DT algorithms belong to the supervised category of ML algorithms. A DT is simple and easily understandable. We selected this technique because it is widely used by researchers due to its simplicity. In addition, a DT has some great advantages, such as representing rules that could be easily understood and interpreted by users [81]. This type of algorithm performs well for categorical and numerical attributes and does not require complex data preparation. In short, ML classifiers and their outputs are easy to understand for individuals with a non-analytical background [90]. The default parameters (ccp_alpha = 0.0, criterion = ‘gini’, min_samples_split = 2) are used to train the DT model, and an accuracy of 55% was obtained by DT using 10-fold cross-validation. Table 3 shows that the DT correctly classifies student specialization with a TPR of 0.87 and an FPR of 0.71.

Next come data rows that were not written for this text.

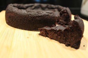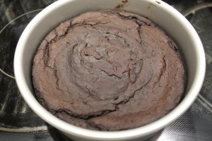 Preheat oven to 325 degrees. Pour into a baking pan and bake for 30 minutes. Make sure you smooth out the top. Turn off the oven and then allow to sit in the oven for another 30 minutes. This allows the brownies to set and get nice and fudgy.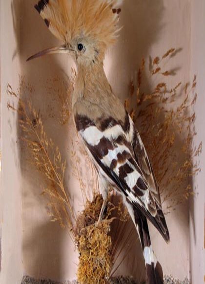 Hoopoe in a case, mounted by W H Vingoe of Penzance.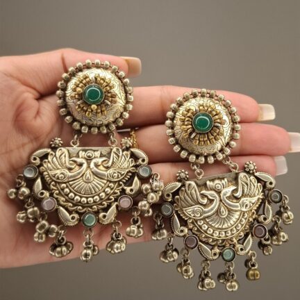 Delicate Peacock inspired danglers in Platinum plating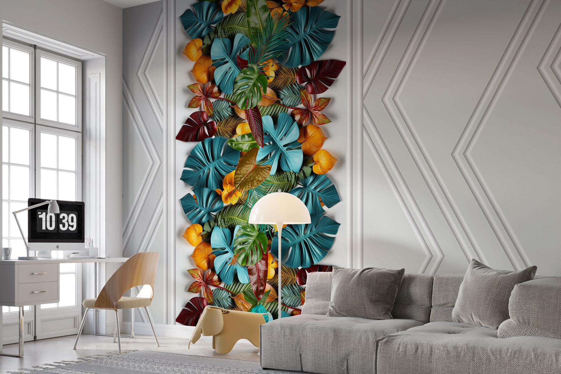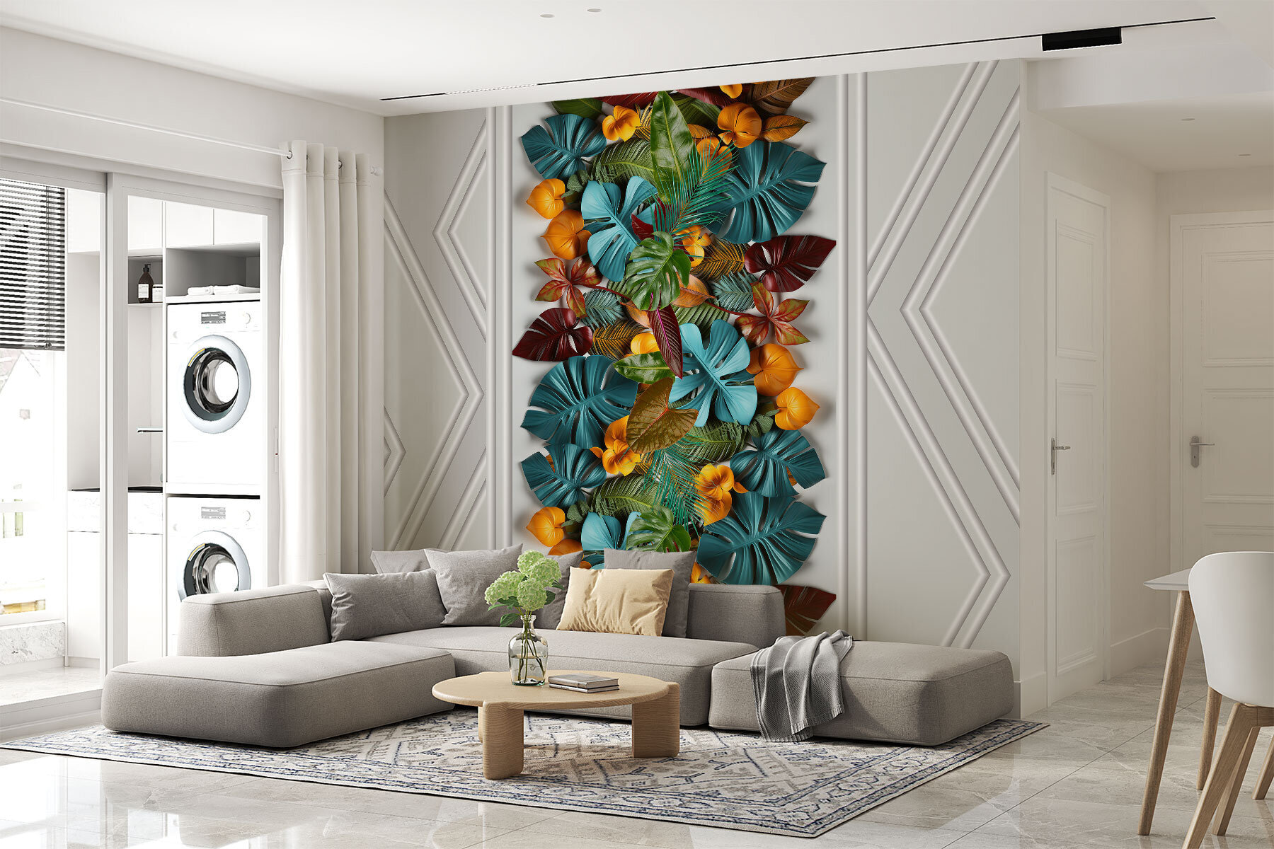 Premeňte každú miestnosť pomocou tejto očarujúcej nástennej maľby s bielymi dverami obklopenými pestrofarebnými listami. Je to ako preniesť slnečnú tropickú dovolenku priamo do vášho priestoru! Predstavte si, že sa každé ráno prebúdzate do živej džungle – tieto živé zelené a oranžové farby určite vyvolajú radosť a možno aj trochu snenia. Ideálny do obývacej izby alebo domácej kancelárie, vytvára hravé pozadie, ktoré je relaxačné a zároveň dodáva energiu. Predstavte si, ako hostíte priateľov a počúvate ich, ako básnia o vašej jedinečnej výzdobe. Kto by sa nechcel vyhrievať v takejto sviežej atmosfére? Ide o tú pravú atmosféru úteku bez toho, aby ste museli opustiť domov!

In the second step of the first experiment, RF classifiers were used to predict student specialization given a student placement dataset. The RF classifier is a supervised learning algorithm that applies to both classification and regression problems [80]. RF creates multiple DTs from random sample data and then gives predictions on high-accuracy trees [91,92]. The RF classifier predicts the student field specialization with the following default parameters (bootstrap = True, ccp_alpha = 0.0, criterion = ‘gini’, max_depth = 15, max_features = ‘auto’,max_leaf_nodes = 10). The TPR of RF is 0.70, and the FPR is 0.20, as shown in Table 4.
Extra tree classifiers (ETC) are used in the third step to predict the student’s field of specialization. ETC is an ensemble learning technique that collects the result of multiple trees. The approach is similar to an RF classifier, but the tree construction method differs. The accuracy of the ETC classifier on the student dataset is 0.52. During training, the ETC Classifier used the default parameters (n_estimators = 100, random_state = 0) to predict student specialization with high accuracy. The TPR and FPR of the ETC classifier were 0.53 and 0.49, respectively, as shown in Table 5.
In the fourth step of the first experiment, we used the SVM classifier. SVM is a supervised learning algorithm that is mostly used for classification problems. SVM finds the hyperplane that divides a dataset into two classes [93]. SVM classifiers perform well on clean and small datasets. Furthermore, SVM is faster than other machine learning techniques [93]. The best accuracy (52%) of SVM was achieved with the following default parameters (random_state = 0, tol = 1 × 10−5), as shown in Table 6. The TPR and FPR of SVM are 0.53 and 0.49, respectively, as shown in Table 7.
Finally, we used the XGBoost classifier to predict student specializations by using default parameters (base_score = 0.5, booster = ‘gbtree’, colsample_bylevel = 1, learning_rate = 0.1). XGBoost is a popular boosting technique in ensemble ML, and its performance is good on structured and tabular data. XGBoost is also called GBC. XGBoost uses parallel tree boosting to solve real-life data science problems. We used this technique because its impact has been widely recognized in many machine learning and data mining challenges, where it has become a commonly used and popular tool among Kaggle’s competitors and data scientists [87]. XGBoost predicts the student’s specialization with an accuracy of 61%, and the TPR and FPR of the XGBoost classifier are 0.57 and 0.35, respectively, as shown in Table 8.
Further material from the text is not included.